A memory manufacturer ran a CMP module for 11 days between pad changes without a process alarm. Wafer bow measurements before the CMP step had been drifting upward for the entire period. The module team's SPC charts monitored within-wafer thickness uniformity only - not bow. The bow drift indicated that film stress was accumulating, which changed the pad-wafer contact geometry and caused systematic center-to-edge removal rate non-uniformity.
Including incoming wafer bow as a feature in the CMP VM model would have detected the drift 4 days earlier and prevented 3 days of yield loss.
Device Physics Primer
Process parameters determine geometry. Geometry determines electrical behavior. A 2 nm variation in etch depth does not matter geometrically at the scale of a transistor; it matters because it shifts threshold voltage (Vth) by 50 mV, which increases subthreshold leakage by an order of magnitude, which bins the chip from the high-performance tier to the low-performance tier, which changes its selling price by $30 per die. Understanding this chain is what connects your etch VM model to a dollar value.
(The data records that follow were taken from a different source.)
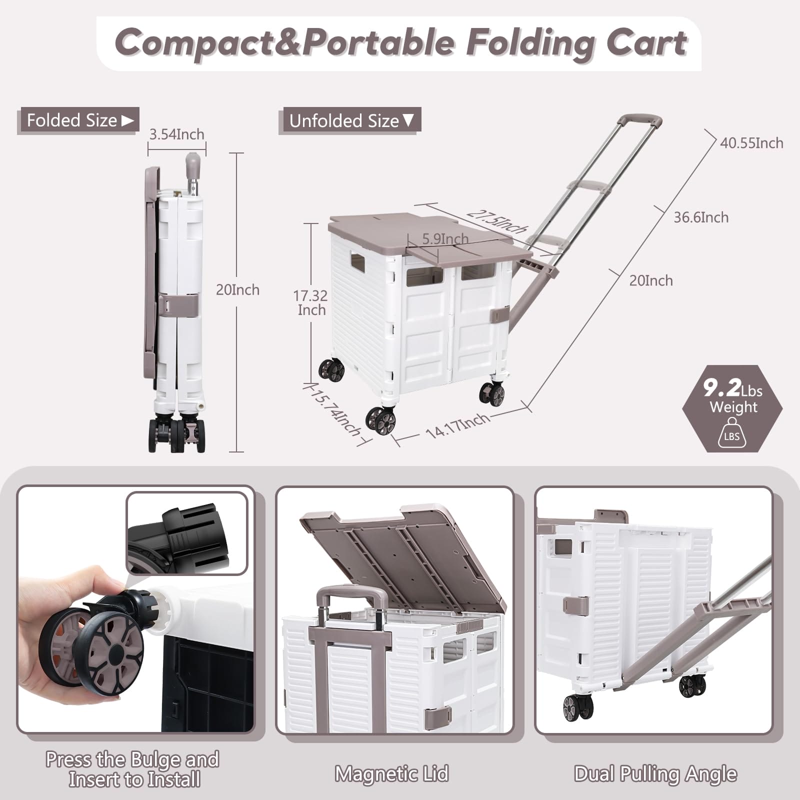 • SELORSS Składany wózek na zakupy, wózek ręczny, biały
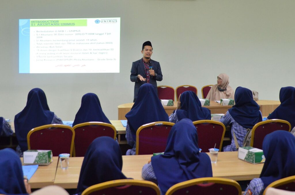 Seluruh siswa siswi SMK Muhammadiyah 4 Sukorejo menerima presentasi tentang profil Unimus yang disampaikan oleh Ns. Arief Yanto, M.Kep dan dilanjutkan presentasi oleh perwakilan Program Studi S1 Akuntansi Mohammad Ridwan, S.E., M.Ak., Ak. yang linier dengan jurusan siswa SMK Muhammadiyah 4 Sukorejo yaitu Akuntansi. M Ridwan menjelaskan tentang keunggulan yang dimiliki oleh program studi S1 Akuntansi. harapannya siswa dapat terbuka wawasannya untuk mengembangkan keahlian yang dikuasai dengan melanjutkan pendidikan di Unimus nantinya.
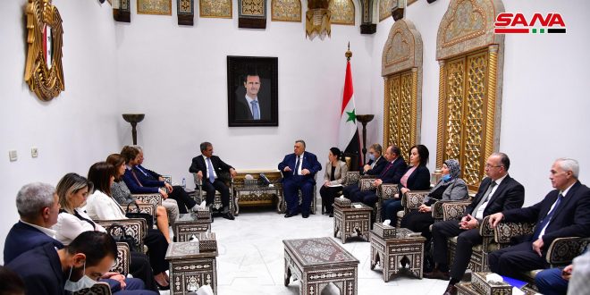أكد رئيس مجلس الشعب حموده صباغ خلال لقائه اليوم تيري مارياني عضو البرلمان الأوروبي والوفد المرافق له أن الإجراءات الاقتصادية القسرية أحادية الجانب المفروضة على الشعب السوري تمثل انتهاكاً صارخاً للقانون الدولي الإنساني ومواثيق حقوق الإنسان داعياً إلى رفع هذه الإجراءات بشكل كامل.
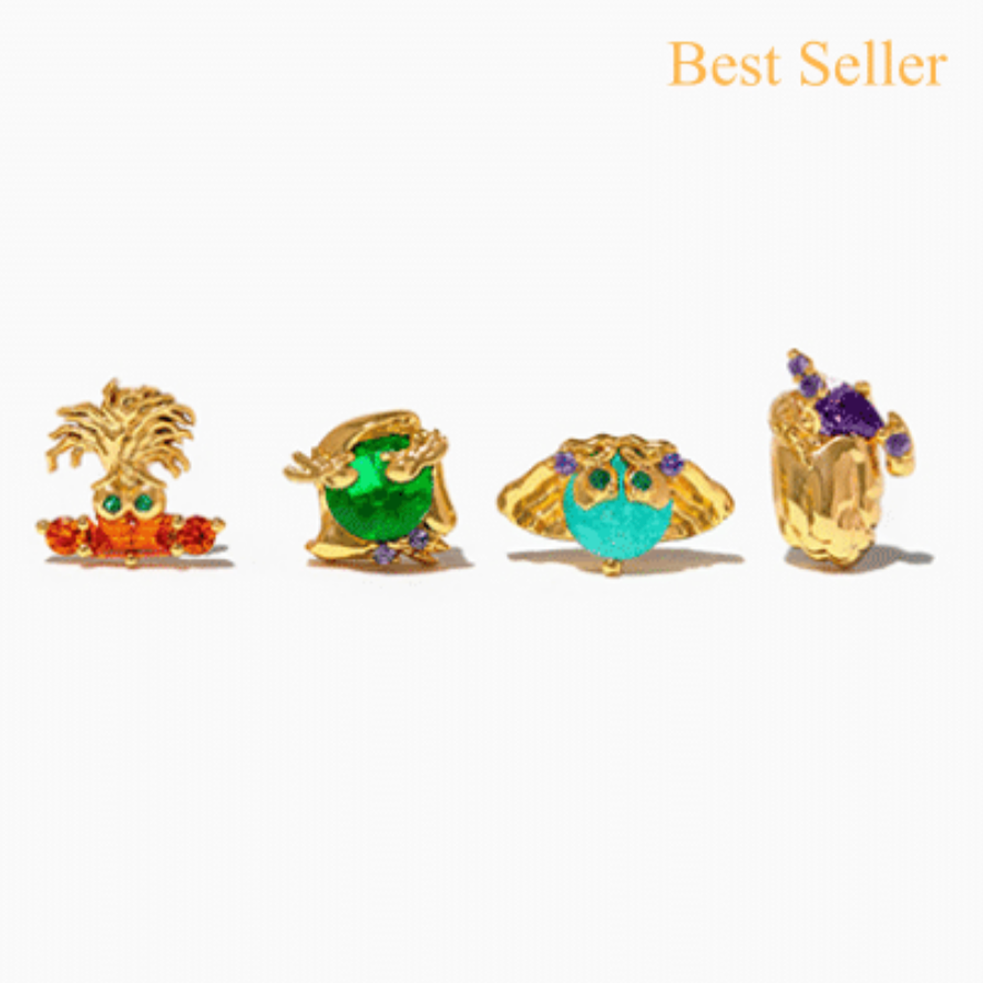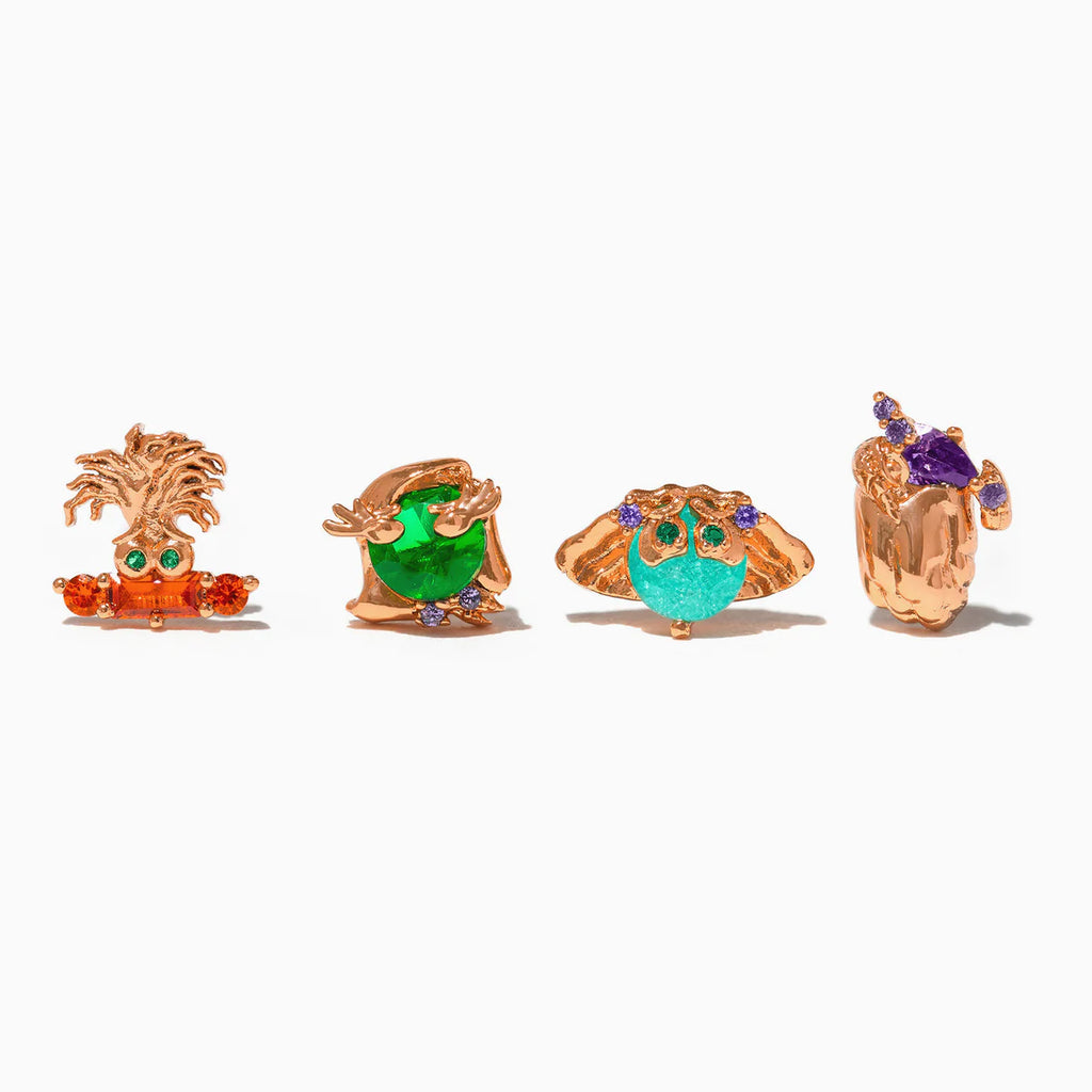 Ready to unpack some emotions? We already know and love our green gal, Disgust, but have you met her new colleagues? Our Pixar Inside Out 2 New Feelings Stud Set is inspired by Pixar's Inside Out 2 and features the emotional characters Anxiety, Ennui, Envy, and Disgust. These colorful characters are brought to life with vibrant cubic zirconia stones and intricate metal detailing. Add these to your jewelry collection today!
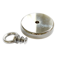 The countersunk hole allows many types of mounting applications including hook, knob, or included eyebolt. Screw it into a wall to hold tools, or position and hold lights, signs, and more. This type of magnet is also perfect for magnet fishing and retrieving applications.
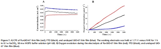 研究意義:定量評估Ru-UiO-67薄膜作為水氧化催化劑的核心性能指標。結果顯示,在1.71 V(vs. NHE)電位下電解1小時,Ru-UiO-67薄膜的氧氣產量是未摻雜UiO-67薄膜的5倍,其法拉第效率高達(55±6)%(文檔圖7A, B)。這些數據直接、有力地證明了嵌入MOF的釕催化劑是有效的活性中心,且該復合薄膜具有優異的催化選擇性和活性。
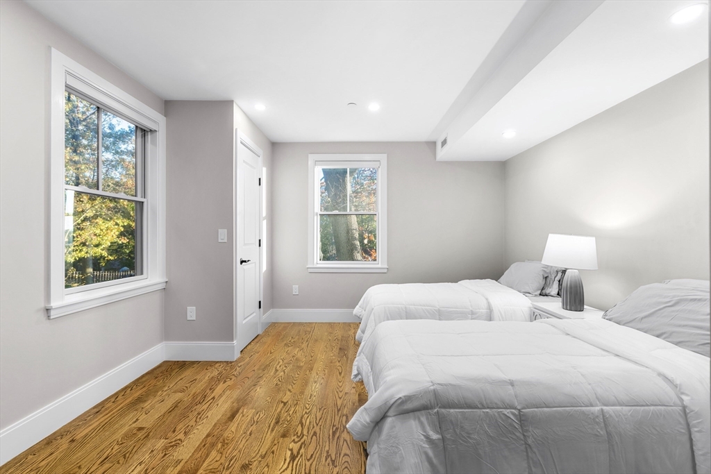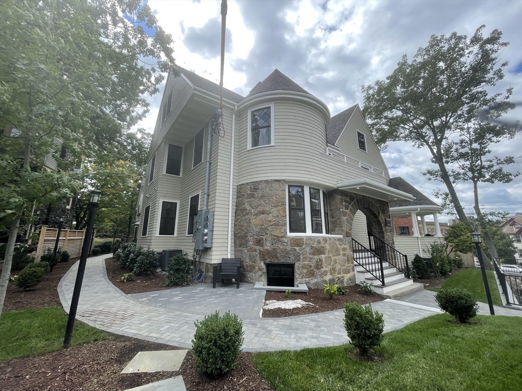 Rare offering at the Historic Selkirk Estate. Recently built luxury townhome blending timeless design with modern convenience. Open floor plan features a chef’s kitchen with premium quartz, custom cabinetry, stainless steel appliances, & an oversized island open to bright dining/living areas. Glass doors lead to a private, wooded backyard with deck, a rare find in this location. Second floor offers two spacious en-suite bedrooms & laundry. The top floor is dedicated to a stunning primary retreat with treetop views, a walk-in closet, & spa-inspired bath. A beautifully finished home theater/media room provides flexible use for entertainment, office, gym, or play. Two deeded parking spaces & a Tesla charging station. Premier residential location near the Brookline line with easy access to the Green Line, Chestnut Hill Reservoir, shops, & restaurants. Exceptional opportunity.
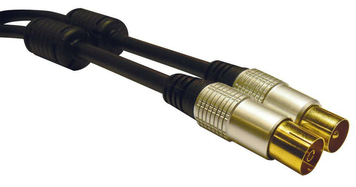 Aerial cable for use with ordinary aerial devices, generally radios or TVs. The cable is made from high-quality materials. You get a sturdy cable with ferrite cores and gold-plated connectors in solid cast aluminium, ensuring optimal signal quality without noise and interference, specially optimised to produce a razor-sharp picture on your flat screen TV.
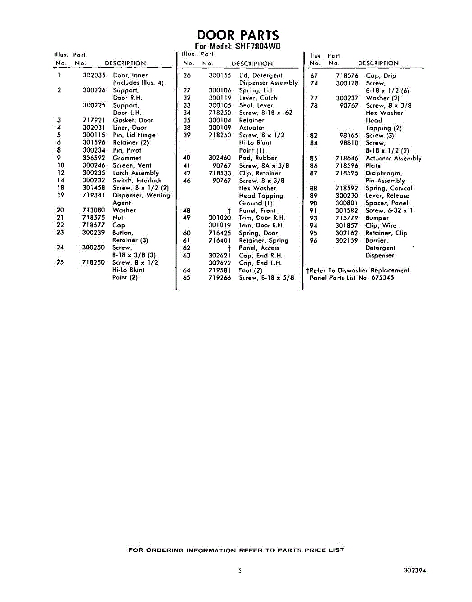 Parts for Whirlpool SHF7804W0: 05 - Section Parts

The Transistor Architecture Evolution
Classical MOSFETs placed the gate electrode on a flat silicon surface. At nodes above 22 nm, this geometry provided sufficient electrostatic control. As gates shrank below 22 nm, the gate progressively lost control of the channel and short-channel effects caused Vth to become length-dependent. At 22 nm and below, the industry moved to FinFETs: the channel is a vertical silicon fin wrapped on three sides by the gate. This three-sided control restores electrostatic suppression that was lost in planar geometry.
At the 3 nm node and below, FinFETs hit their scaling limit. Gate-All-Around (GAA) architecture replaces vertical fins with horizontal silicon nanosheets stacked vertically, with the gate material completely surrounding each sheet on all four sides. The channel region is grown as alternating layers of silicon and silicon-germanium (SiGe); a selective isotropic etch removes the SiGe without etching the silicon, leaving suspended silicon nanosheets surrounded by gate material.
Threshold voltage and drive current tradeoffs
Vth is the voltage required to turn the transistor on. It depends on gate oxide thickness, channel doping, and gate work function. Variation in Vth is the primary driver of bin splits: high Vth means slow switching (bins to low frequency); low Vth means fast switching but high leakage (bins to high power tier). In modern high-k/metal-gate processes, the effective work function is tuned by depositing ultra-thin metal layers using ALD. The thickness of these layers, controlled to fractions of a nanometer, determines Vth. VM models predicting speed bins must include ALD pulse telemetry as inputs.
The fundamental tradeoff: increasing speed by lowering Vth causes an exponential increase in leakage. Fabs deliberately manufacture "skew" lots during process development - running intentional variations in gate length or oxide thickness - to construct the empirical Ion/Ioff tradeoff curve. This curve defines the Pareto frontier of what is achievable at a given technology node.
Subthreshold leakage and exponential sensitivity
Even when Vgs = 0, a small current flows between source and drain due to carrier diffusion in weak inversion. This subthreshold current scales exponentially with threshold voltage. A 1 nm variation in gate oxide thickness shifts Vth by approximately 30 mV. Because the subthreshold current is exponential in Vth, this creates orders-of-magnitude variation in leakage across dies that differ by only 1 nm in a single dimension.
Gate oxide tunneling and junction leakage
At 3 nm nodes, the gate dielectric is only a few nanometers thick. Electrons tunnel through it quantum mechanically. Tunneling current density scales exponentially with the electric field across the oxide. ALD telemetry, specifically the pulse decay time constants that track film thickness per cycle, is the process signal most directly connected to EOT (equivalent oxide thickness) variation and therefore to gate tunneling leakage.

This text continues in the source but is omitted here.